I shook my head. “Shouldn’t he be in some kind of secure place?” I said.
“I hope it won’t come to that,” Harland replied: “Usually he’s harmless – though he was once Ghengis Khan for a week, which was difficult. Teddy is the only child of the Whitleys, who are quite wealthy. If he’d come from a lower social stratum, he would probably have been considered a nuisance to the public. As it is, he’s regarded as eccentric. Now, please allow me to apologise again and to defray your expenses.” He hauled out a wallet and extracted from it a thick swatch of bills. Here’s my chance, I thought. I reckoned I could have tapped him for a week, but thinking of my code, I decided to settle for four days, so gave him the figure.
“Most satisfactory, Mr Potts,” he said. “You might have tried to milk the situation excessively, but you’ve been quite reasonable. I happen to know that the case has occupied you for only two days, but let us not have a scene. Irrespective of what you receive from Mr Todd, I’m agreeable to four days from my resources, assuming that he is prepared to consider the matter closed.”

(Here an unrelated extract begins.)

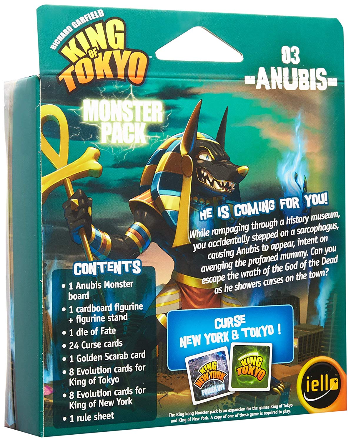 The Anubis Monster Pack is compatible with the King of Tokyo and King of New York base games and with all their expansions. The Anubis Monster Pack introduces a new game component in the form of the die of fate! You can use the die of fate in your games even if you play without Evolution cards or are not playing with Anubis.

Arnie was out of earshot, which I thought was just as well, since he’d already become a sideshow at what should have been his big event. I spoke for him. “I’m sure he’ll go along.”
Harland beamed. “So good of you to understand,” he said, handing over the greenery. “I apologise again for any inconvenience. Now, I must be on my way.”
He went back to the car, leaving my client and me in the desolate surroundings. Thinking in terms of good PR, I pointed out to Arnie that he’d paid me for two days and that we hadn’t fully used up the second one. I offered him a proportional refund. He demurred, but I thrust it upon him, using part of the loot I’d just received from Harland. I was well over three days’ pay ahead and had a happy customer. Good business all round.